Renzi preme sull’acceleratore, “o la va o la spacca!”

Quando il quotidiano ufficiale del Pd (partito del premier e del neo segretario del primo partito di maggioranza) arriva a titolare: “Renzi e Letta ai ferri corti”, delle due l’una: o lo stato confusionale in casa pidì ha superato ogni limite, o c’è una strategia tesa a far saltare il banco.

In una situazione dove Mario Draghi ribadisce che la crisi non è superata e che la ripresa sarà molto debole, smentendo l’ottimismo del ministro dell’Economia Saccomanni, il premier rattoppa errori e belinate dei suoi ministri e si “trastulla” in una inutile nuova verifica di maggioranza fingendo di non sapere che il nodo vero sta nel Partito Democratico, nel ruolo assunto da Matteo Renzi.

Il gioco è sempre più scoperto e va al di là delle differenze caratteriali fra premier e leader del pidì. Non solo Matteo Renzi si è impadronito della scena (primattore grazie al tam tam mediatico sulla falsariga di quanto accaduto per 20 anni con Silvio Berlusconi) ma detta puntigliosamente e con arroganza (spesso un elefante che scorrazza dentro una stanza di cristalli) l’agenda al governo, come fosse già insediato a Palazzo Chigi, con Letta soprammobile, ridotto a re travicello.

Il “rottamatore” si muove a 360 gradi, ammiccando a Berlusconi sul nodo incandescente della legge elettorale; provocando il già provocato (con la proposta di nuova legge elettorale alla spagnola) partitino del vice premier Alfano con una urgenza sospetta su unioni civili e jus soli; spiazzando sindacati e industriali su una riforma del lavoro che viene per lo più vista come propagandistica quanto zuppa riscaldata.

Allora? Il sindaco ha scelto di buttarsi nel campo minato di riforme difficili perché deve portare a casa – subito – risultati concreti proprio sui terreni più impervi. Non c’è più posto per due star sullo stesso piedistallo, o il passista-metodico Enrico Letta o il velocista-scattista Matteo Renzi. Uno dei due scalza l’altro perché il tempo logora entrambi e non permette il dispiegarsi delle due strategie dei due protagonisti.

Un logoramento che soprattutto investe il Paese, lasciandolo nudo e crudo nel pantano della crisi. Al di là delle battute, Letta fa di tutto per far saltare l’obiettivo di Renzi (lo stesso di Berlusconi e di Grillo), quello del voto anticipato.

Ma Renzi, come il leone che ha i denti infilzati nella giugulare dell’antilope aggredita e in agonia, non molla la presa e le prova tutte per portare a casa qualche riforma che conta o per incolpare gli altri dell’eventuale fallimento. La clessidra scorre inesorabile e la resa dei conti arriverà alle elezioni europee, rischiose per il Pd, vera e propria spada di Damocle per Renzi.

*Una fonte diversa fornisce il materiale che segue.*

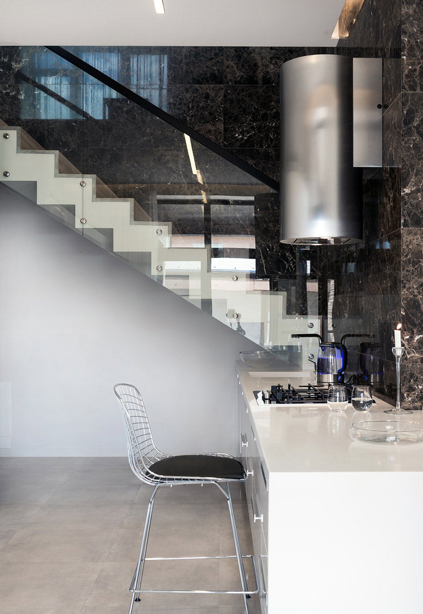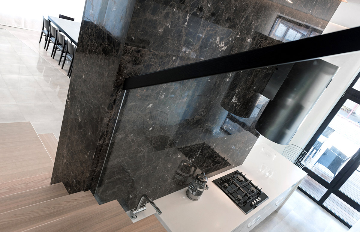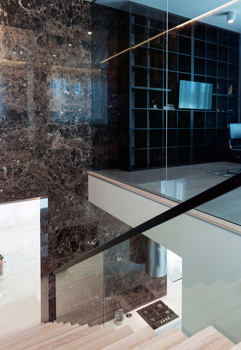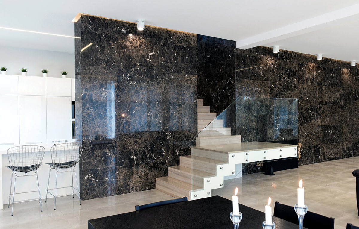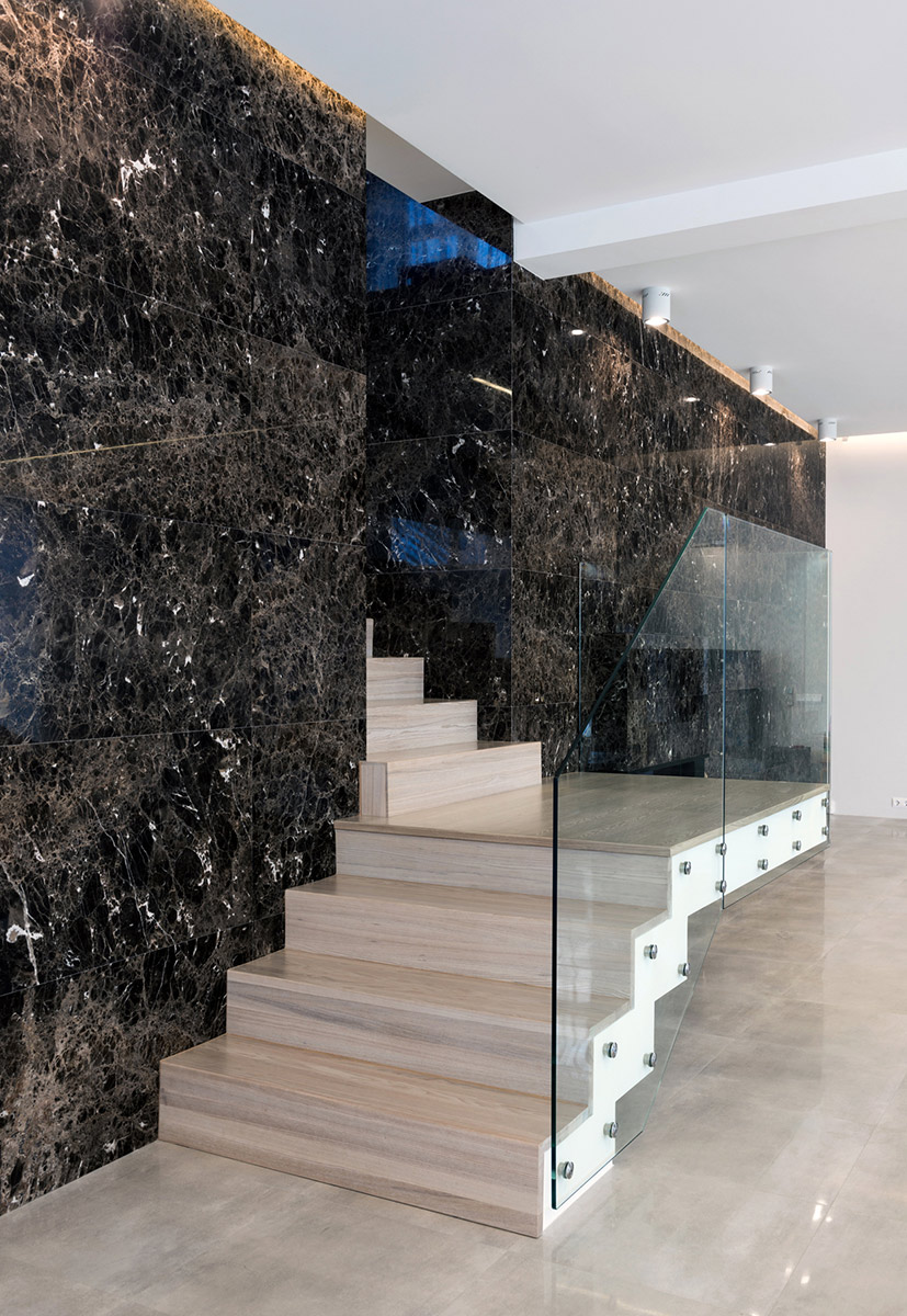На первом этаже находятся лаунж-зона, кухня-столовая, домашний кинотеатр, гостевая спальня, хозблок, гараж, спа-зона с сауной и бассейном. Центральный элемент дома — лестница, ведущая на второй этаж. Поднимаясь, можно видеть кухню и кабинет второго этажа. Стена лестницы облицована мрамором «Эмперадор дарк».
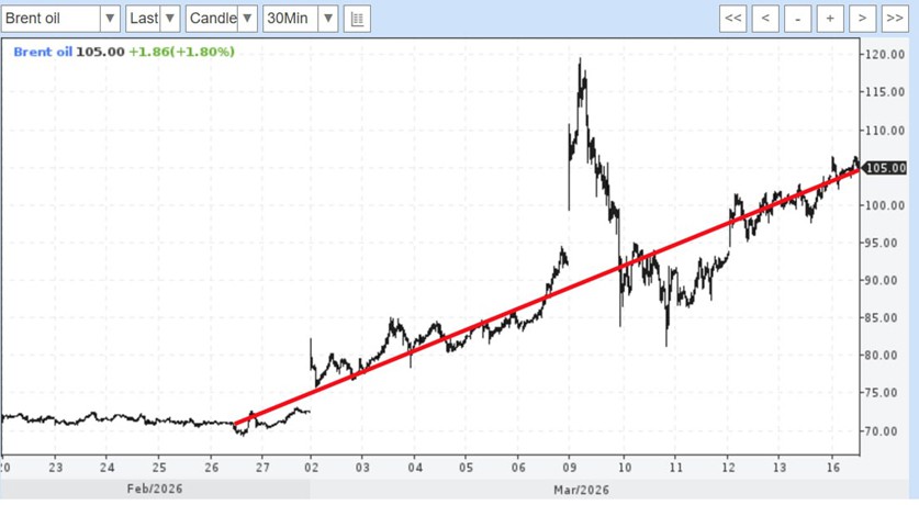 ¿Qué esperan? No está claro. Porque el estrecho por sí solo no se va a desbloquear. Y los precios del petróleo han vuelto a subir, amenazando con provocar otra crisis global. Según la tendencia claramente visible en el gráfico (si no ocurre un milagro), para finales de mes el barril de Brent costará 150$/barr. (y el ruso Urals, por consiguiente, más de 135$/barr.).
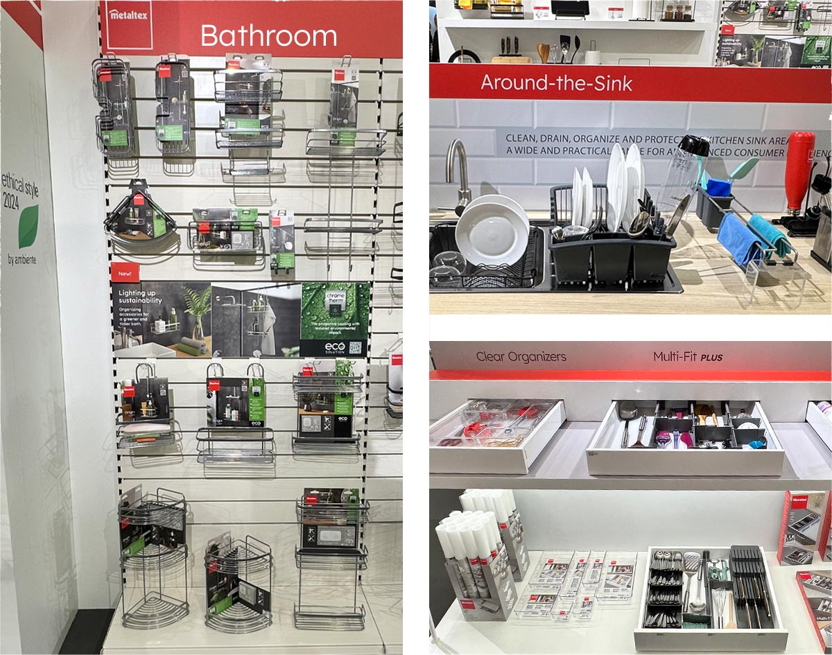 Para ampliar nuestra colección ‘Alrededor del Fregadero’, exhibimos una variedad de productos, incluido el versátil escurridor de platos Smartex, orgullosamente fabricado en Suiza. Además, presentamos varios accesorios nuevos de limpieza y organización diseñados para simplificar las tareas de orden en el hogar.
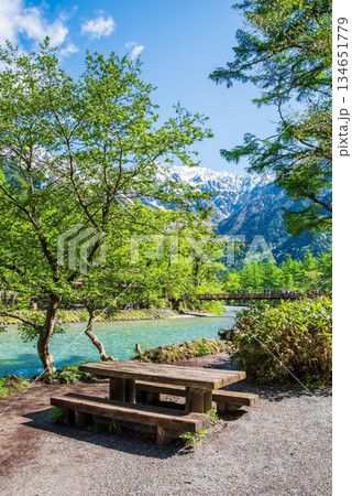 上高地壯麗景色:「白雪皚皚的穗高山脈和清澈的梓川」(長野縣松本市)
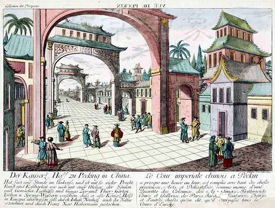 这些画中,最早的一批是1665年荷兰人约翰·尼霍夫跟随荷兰使团访问清廷时创作的《荷兰东印度公司使团觐见鞑靼可汗》组画。因为当时清廷礼仪十分严谨,官员思想保守,许多场景都是尼霍夫事后依靠记忆补画,与历史中的记载出入甚大,但却是西方人第一次直观地了解到充满神秘色彩的东方大国。
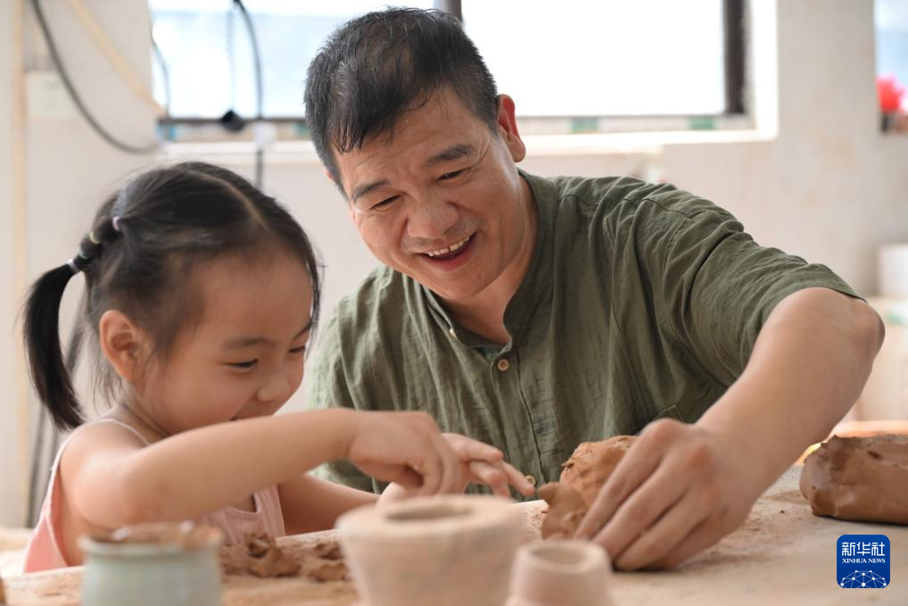 在善窯廠車間里,李善明(右)和女兒一起玩瓷泥(8月28日攝)。
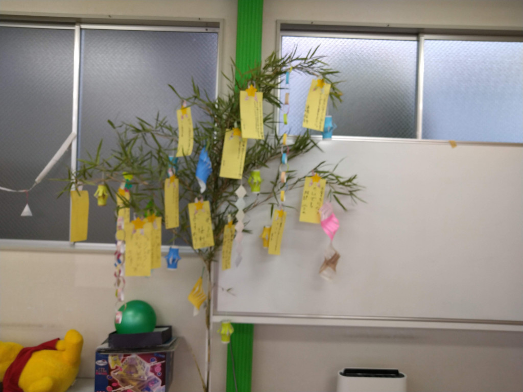 スタッフの家から笹を切ってきてもらい、願い事を書いた短冊も飾りました。
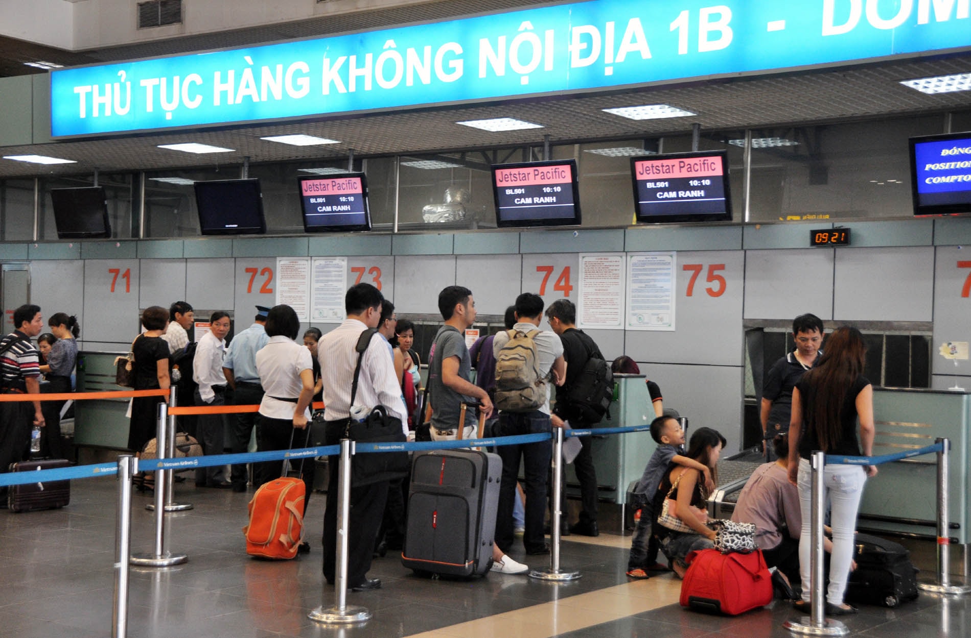 Du khách làm thủ tục nhận vé máy bay tại sân bay quốc tế Nội Bài. Ảnh: Hoài Nam
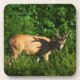 A photograph of a young buck, with velvet antlers, in some green leaf bushes.
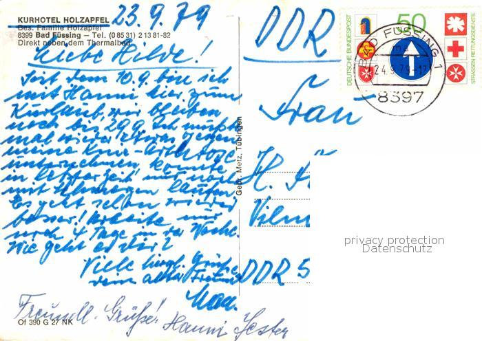 72859155 alte Postkarte Bad Fuessing Kurhotel Holzapfel postalisch gelaufen Erhaltung siehe scans [AndreD76] KatCode: 11110009275116
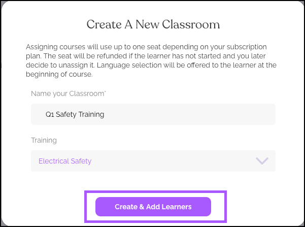 Helpful Tip: Verify no learners already have the course assigned individually. If they do, un-assign it first from their profile before adding to the classroom.
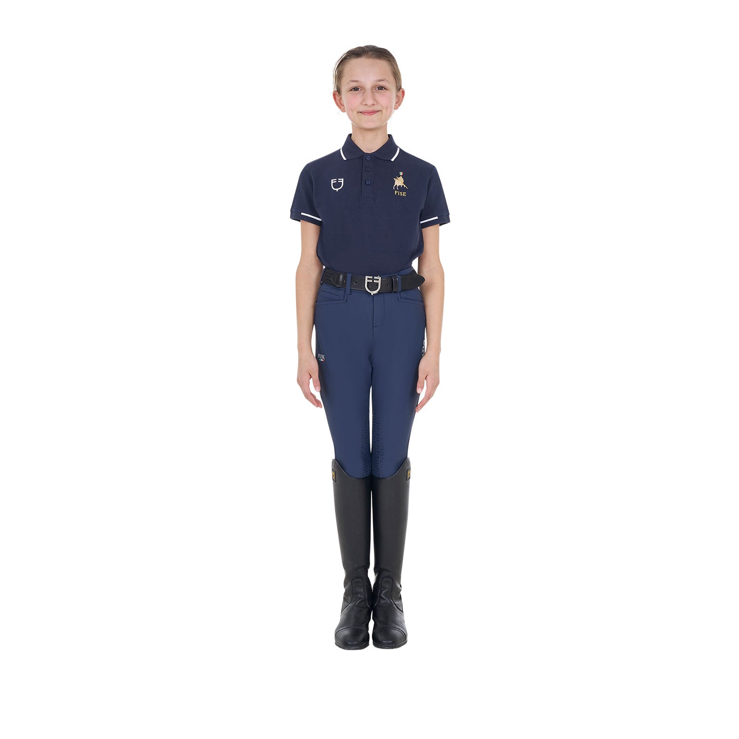 Polo bambini Equestro X FISE in tessuto tecnico super traspirante a manica corta, perfetta per la stagione estiva. L'innovativo tessuto con cui è realizzata è in grado di agevolare l'evaporazione e la dispersione del sudore mantenendo così il capo sempre asciutto e fresco.
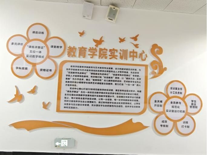 教育学院始终坚持“岗课训赛证展”六位一体的实训教学模式和“全员参与规范化”的实训室运行机制,持续健全管理制度。努力实现学生知识、关键能力与综合素质全面提升,达到“能唱会跳,能画会教”的基本职业素养。目前,学院共建成并投入使用17间专业实训室,与名优幼儿园、小学共建实践教学基地43个,为学生实训课程及校内外专业实践提供了保障。
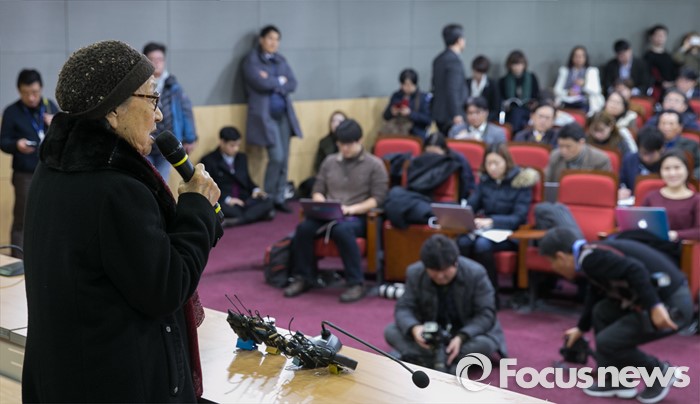 (서울=포커스뉴스) 5일 오후 서울 여의도 국회 의원회관에서 민주사회를 위한 변호사모임, 한국정신대문제대책협의회 등 주최로 열린 긴급진단, 2015년 한일 외교 장관 회담의 문제점 토론회에 참석한 위안부 피해자 김복동 할머니가 회담을 인정할 수 없는 이유에 대해 발언하고 있다.
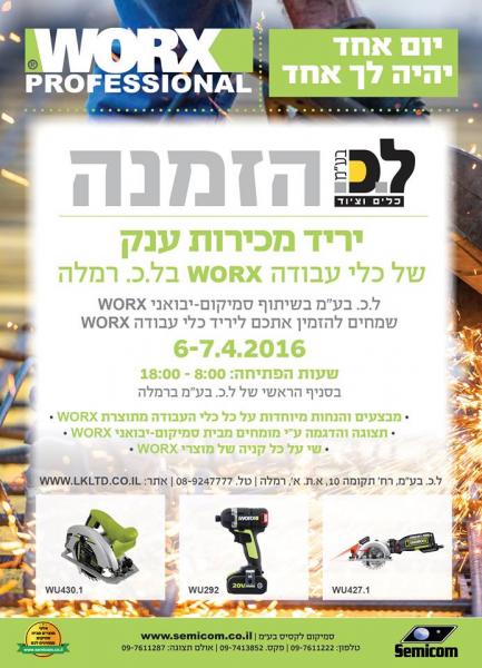 ל.כ. בע"מ בשיתוף סמיקום - יבואני WORX שמחים להזמין אתכם ליריד מכירת כלי עבודה WORX
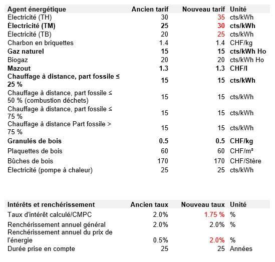 Les tarifs de l'énergie enregistrés par défaut dans l'outil CECB seront adaptés aux conditions actuelles avec la première révision de l’outil CECB en 2024 :
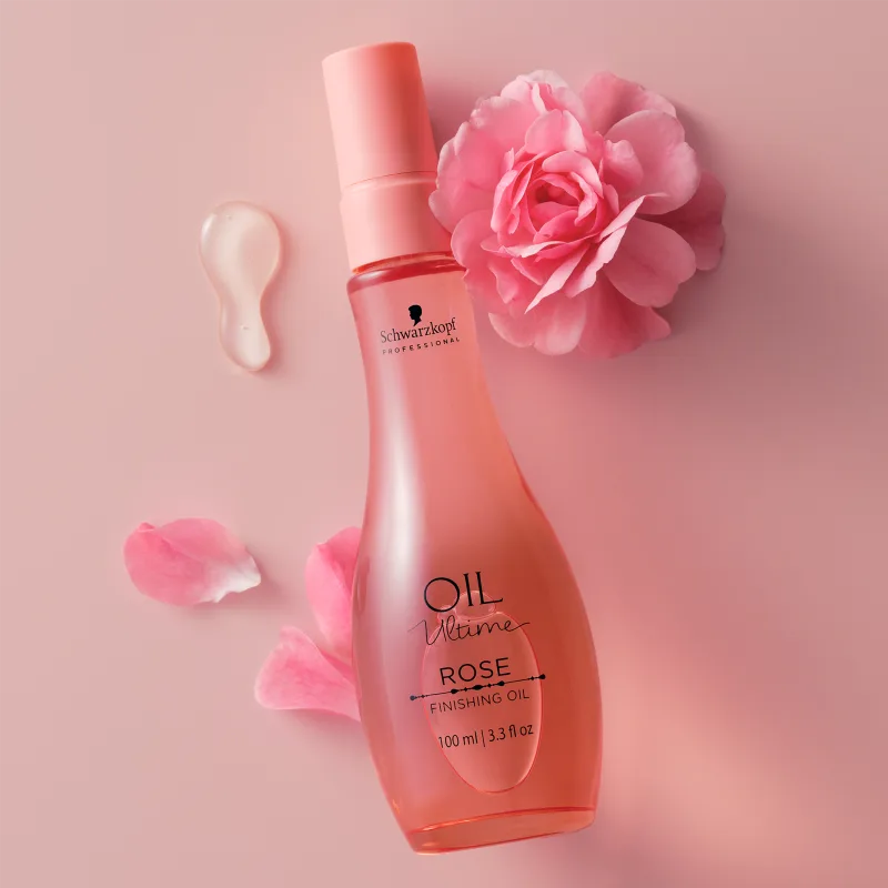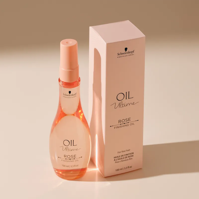 Óleo finalizador para cabelos finos a equilibrados. Schwarzkopf Professional Oil Ultime Rose, envolve gentilmente o fio para nutrir e suavizar.
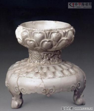 永樂白釉浮雕蓮瓣紋束腰三足座 高19.3厘米 1983年景德鎮(zhèn)珠山御窯廠出土。
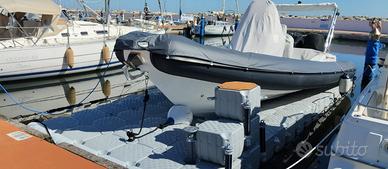 Il gommone in ormeggio rimane fuori dall'acqua su piattaforma galleggiante, questo garantisce una carena sempre pulita ed evita di dover applicare vernice antivegetativa ogni anno.
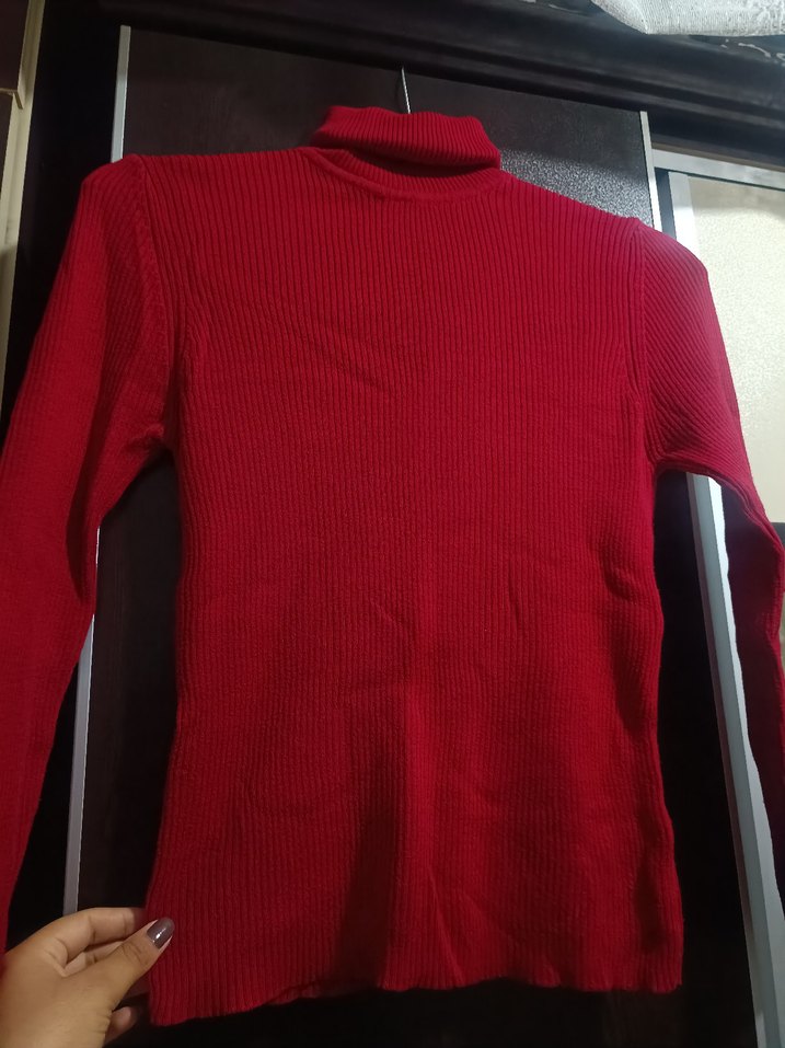 Kırmızı, balıkçı yaka, uzun kollu, fit kesim, parlak yüzeyli yün triko kazak. Normal midi boyda, rahat ve şık sokak stili için uygundur.

Scrive oggi Masimo Gramellini su La Stampa: “Renzi sa fin troppo bene che c’è una tagliola innescata lungo il suo cammino: le elezioni europee del 25 maggio. Qualsiasi sondaggio, e anche il semplice buon senso, riconosce che il Pd renziano vincerebbe a mani basse le politiche, mentre rischia di perdere quelle continentali, fatte apposta per esaltare la pancia dell’elettorato di Grillo e Berlusconi che Renzi, leader dell’unico movimento di massa non populista, non può permettersi di assecondare. Attribuire la colpa del probabile rovescio al governo Letta non gli servirebbe a nulla. La sconfitta europea scalfirebbe il suo mito mediatico, dissolvendo d’incanto l’alone che lo circonda. I giornalisti e i cortigiani lo abbandonerebbero al suo destino, e i piranha del suo partito ne spolperebbero i resti, consegnandolo al sacrario degli ex segretari trombati che vanta già numerose lapidi. Immaginate, la mattina del 26 maggio, il baffetto di D’Alema increspato in una smorfia di sarcasmo: «A-ha, ma questo Renzi non l’avevamo messo lì per farci vincere?» Perciò il segretario del Pd è costretto a fare saltare il banco al più presto, dando l’impressione di non volerlo, ma provocando gli alleati e strizzando l’occhio agli oppositori perché qualcun altro si sporchi le mani al posto suo”.

Il “rottamatore”, padrone pro tempore del Pd, ha innescato la bomba ad orologeria. Il sinistro tic-tac rintocca fin sul Colle. Con quale effetto?